As for big rocks approaching C, I can think of 10 ways, off the top of my head, to make that not matter using nothing more than half understood jargon and pseudo science. I recommend that you do too. Players don't like it when their plans don't work "just because." If it helps, I'm very fond of using the words "dark matter" incorrectly. :D
 
Penal ship is transporting prisoners, right?

To where, from where?

If the penal ship is en-route to a prison satellite or colony on/around a gas giant moon the derelict space station could be within range of the prison ship's deceleration trajectory.

PC's could be passing by for lots of reasons, fuel skimming, trade delivery or whatever you wish.

This puts them in range of the station, the prison ship - and the potential penal colony could be close enough by that if they don't deal with the prison ship in time you could have a whole prison full of hosts for the alien ghosts...
 
Monstro44122 said:
It feels like someone on the ground would have the capability of knocking a ship out of the sky. A 5 ton missile with a 10G thrust ought to do the trick.

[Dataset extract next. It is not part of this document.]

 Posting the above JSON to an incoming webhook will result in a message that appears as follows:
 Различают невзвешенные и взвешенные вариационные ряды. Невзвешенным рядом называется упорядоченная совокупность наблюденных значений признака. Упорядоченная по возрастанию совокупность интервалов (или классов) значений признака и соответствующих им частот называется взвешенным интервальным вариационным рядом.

The problem here is that, in reality, every combat technology is generally met with its defense. Someone, in the long history of Traveller, would eventually figure out how to prevent any yahoo with a souped-up cutter from destroying their planet.

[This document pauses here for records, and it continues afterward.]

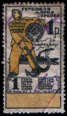 Известны три основных выпуска гербовых марок СССР и один вспомогательный выпуск (с надпечаткой). Для первого в 1924 году были использованы марки канцелярского сбора с надпечаткой слова «Гербовая». Второй выпуск 1924—1925 годов печатался двумя способами — литографским и типографским, на бумаге с водяным знаком «ковёр» и на тонкой белой бумаге без водяного знака. В 1926 году были изданы последние гербовые марки СССР. Начиная с 1930 года и до конца 1991 года в стране применялись единые пошлинные марки, заменившие многочисленные виды фискальных марок (кроме консульских), применявшихся ранее[10].
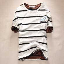 青春流行短袖男士t恤创意韩版潮男 修身型半袖男生男装体恤拼接款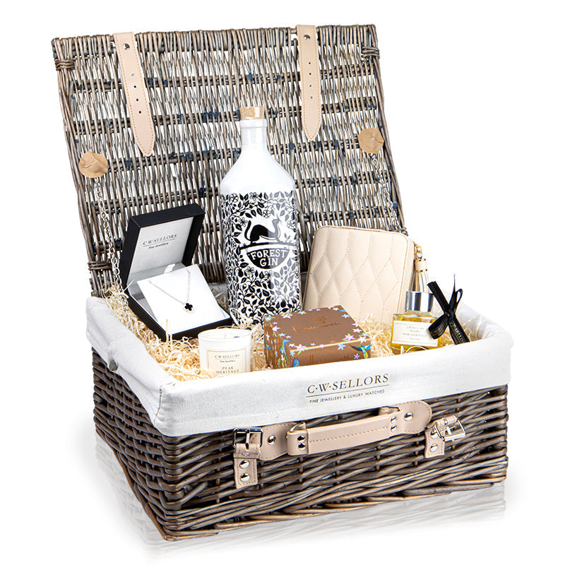 Capturing the breath taking historical location of the Ladybower Reserve, nestled in the picturesque Upper Derwent Valley in Derbyshire, our special Ladybower Hamper by C W Sellors is a popular gift idea for a loved one or friend. A classic wicker basket is enrobed with our exclusive C W Sellors cotton lining and each arrangement is assembled by hand and with love by one of our skilled experts in house. This luxury gift hamper features a bed of biodegradable and environmentally friendly wood wool for which each specially chosen luxury gift item is displayed upon. The hamper provides a unique selection of products, creating a memorable and personalised gifting experience without the need for any words.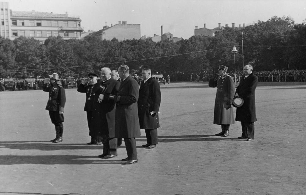 Latvijas ugunsdzēsēju lielā skate (ugunsdzēsēju lielā parāde) Vienības laukumā (tagad Esplanāde). Atklāšanas brīdī no kreisās: 1. Rīgas ugunsdzēsēju brigādes komandieris majors Vilis Sniķeris, 2. Latvijas ugunsdzēsēju savienības priekšsēdētājs Alberts Krieviņš, 3. Latvijas Valsts un Ministru prezidents Kārlis Ulmanis, 4. iekšlietu ministrs Vilis Gulbis, 5. inženieris, Iekšlietu ministrijas Pašvaldību departamenta Būvniecības pārvaldes priekšnieks Parsivals Miezis, 4. Rīgas pilsētas policijas prefekts Pēteris Pommers.

The trick seems to me to be to set up your description of planetary defenses early on. Include big sensor arrays and big guns. If Traveller is the age of sails, then the space port is the fort you're sailing towards.

You are quite correct. Sounds like you are already getting the hang of the game.
 
You could put the space station near a gas giant (orbiting it). Then maybe the penal ship was decelerating to skim fuel from the gas giant when the mutiny occurred.